The task
Look below for the line holding "Wyprawa rozpoczęła się" and the line holding "2- You need". Transcribe exactly those lines and all lines between them, nothing more.

Input
------------------------------------------------

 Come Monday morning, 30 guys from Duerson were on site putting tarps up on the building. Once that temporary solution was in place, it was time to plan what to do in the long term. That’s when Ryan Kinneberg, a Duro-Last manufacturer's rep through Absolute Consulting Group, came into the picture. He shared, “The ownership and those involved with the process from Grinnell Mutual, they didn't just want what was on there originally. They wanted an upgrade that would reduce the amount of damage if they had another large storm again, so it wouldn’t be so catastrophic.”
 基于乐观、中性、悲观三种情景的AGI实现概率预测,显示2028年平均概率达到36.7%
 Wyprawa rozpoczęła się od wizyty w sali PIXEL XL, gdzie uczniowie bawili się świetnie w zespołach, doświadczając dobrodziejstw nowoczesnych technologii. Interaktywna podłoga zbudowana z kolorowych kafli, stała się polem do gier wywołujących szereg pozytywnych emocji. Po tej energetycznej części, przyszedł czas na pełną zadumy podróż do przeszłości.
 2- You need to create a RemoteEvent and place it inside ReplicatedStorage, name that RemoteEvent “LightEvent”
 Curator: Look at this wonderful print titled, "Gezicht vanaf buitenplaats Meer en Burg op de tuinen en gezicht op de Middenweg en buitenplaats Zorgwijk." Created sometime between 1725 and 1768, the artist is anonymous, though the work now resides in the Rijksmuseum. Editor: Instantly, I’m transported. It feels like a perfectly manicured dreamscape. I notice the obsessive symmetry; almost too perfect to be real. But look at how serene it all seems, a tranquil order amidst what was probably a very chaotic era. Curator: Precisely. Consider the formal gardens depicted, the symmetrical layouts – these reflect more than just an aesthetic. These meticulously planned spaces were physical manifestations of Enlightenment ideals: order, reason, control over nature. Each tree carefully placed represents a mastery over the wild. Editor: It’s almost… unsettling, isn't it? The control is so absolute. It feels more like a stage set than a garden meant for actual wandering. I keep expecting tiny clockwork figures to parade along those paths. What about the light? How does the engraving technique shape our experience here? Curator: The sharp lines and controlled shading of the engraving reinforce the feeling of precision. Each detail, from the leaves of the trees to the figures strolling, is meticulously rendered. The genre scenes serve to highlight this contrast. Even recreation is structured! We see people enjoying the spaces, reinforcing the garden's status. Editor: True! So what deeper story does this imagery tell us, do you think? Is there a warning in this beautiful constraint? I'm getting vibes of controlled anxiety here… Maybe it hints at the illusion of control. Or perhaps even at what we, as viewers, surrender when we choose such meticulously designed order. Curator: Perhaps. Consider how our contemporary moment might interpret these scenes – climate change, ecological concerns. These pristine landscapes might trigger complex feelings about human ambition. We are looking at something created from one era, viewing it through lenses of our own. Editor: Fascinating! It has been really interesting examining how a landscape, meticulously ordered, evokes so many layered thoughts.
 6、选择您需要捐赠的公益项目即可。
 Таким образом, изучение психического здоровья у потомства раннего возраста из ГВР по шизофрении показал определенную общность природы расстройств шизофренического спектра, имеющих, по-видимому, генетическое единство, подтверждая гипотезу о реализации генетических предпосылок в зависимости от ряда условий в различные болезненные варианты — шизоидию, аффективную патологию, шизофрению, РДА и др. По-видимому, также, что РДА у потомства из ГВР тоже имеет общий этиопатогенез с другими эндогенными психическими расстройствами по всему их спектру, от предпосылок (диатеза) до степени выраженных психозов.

------------------------------------------------

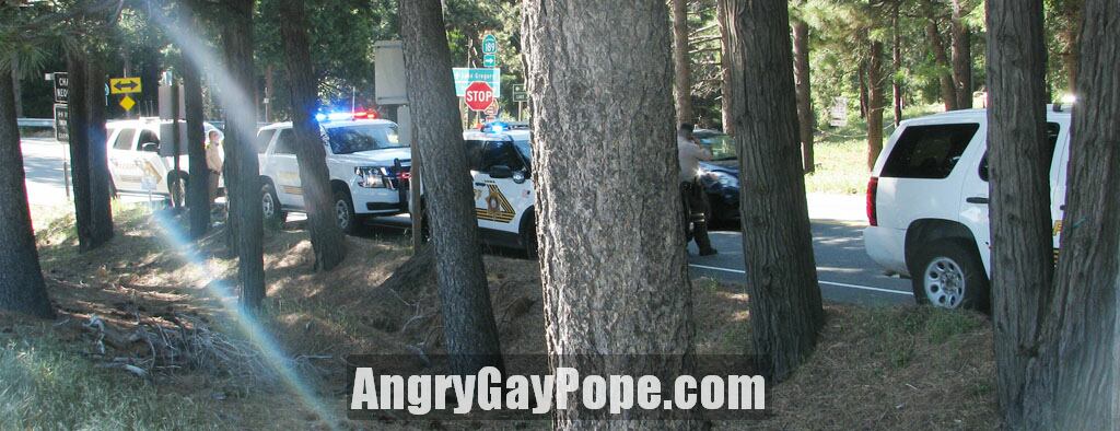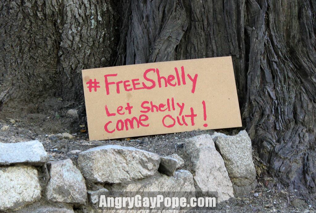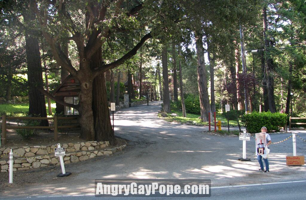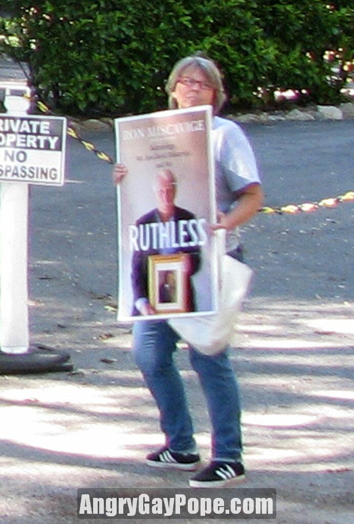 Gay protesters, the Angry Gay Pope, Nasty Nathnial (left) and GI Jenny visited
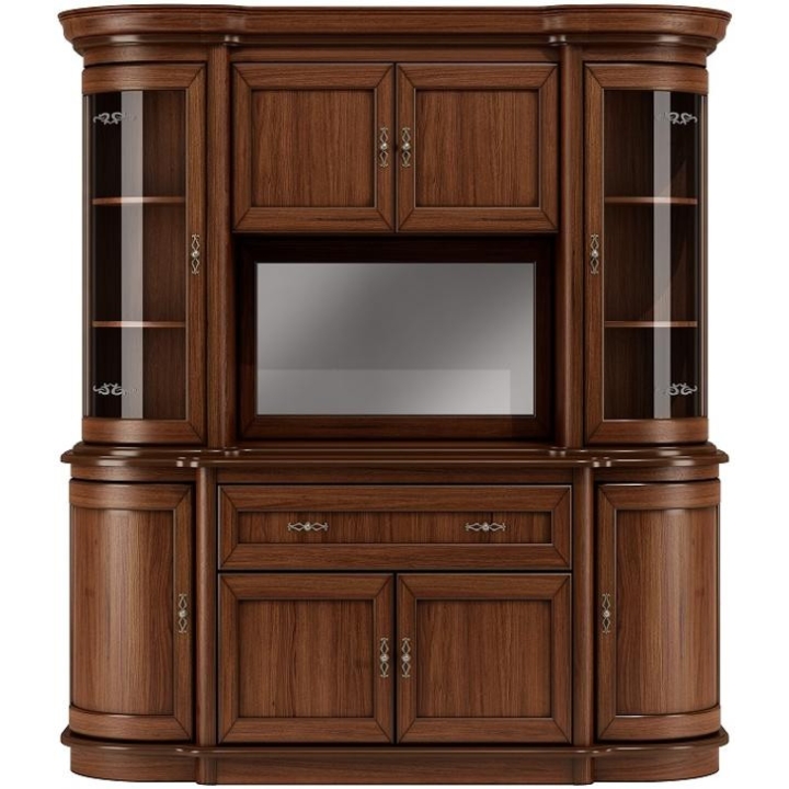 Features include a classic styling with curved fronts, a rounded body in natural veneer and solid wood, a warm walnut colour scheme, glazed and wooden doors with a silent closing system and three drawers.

------------------------------------------------

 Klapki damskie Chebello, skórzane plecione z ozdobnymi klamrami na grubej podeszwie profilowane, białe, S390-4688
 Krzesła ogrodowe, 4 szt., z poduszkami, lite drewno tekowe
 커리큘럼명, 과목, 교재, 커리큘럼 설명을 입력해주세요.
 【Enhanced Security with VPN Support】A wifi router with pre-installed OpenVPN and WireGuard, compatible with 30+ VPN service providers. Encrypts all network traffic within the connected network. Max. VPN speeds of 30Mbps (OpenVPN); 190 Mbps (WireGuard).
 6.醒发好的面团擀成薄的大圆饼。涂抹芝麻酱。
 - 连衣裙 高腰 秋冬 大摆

------------------------------------------------

Response to this task
 Wyprawa rozpoczęła się od wizyty w sali PIXEL XL, gdzie uczniowie bawili się świetnie w zespołach, doświadczając dobrodziejstw nowoczesnych technologii. Interaktywna podłoga zbudowana z kolorowych kafli, stała się polem do gier wywołujących szereg pozytywnych emocji. Po tej energetycznej części, przyszedł czas na pełną zadumy podróż do przeszłości.
 2- You need to create a RemoteEvent and place it inside ReplicatedStorage, name that RemoteEvent “LightEvent”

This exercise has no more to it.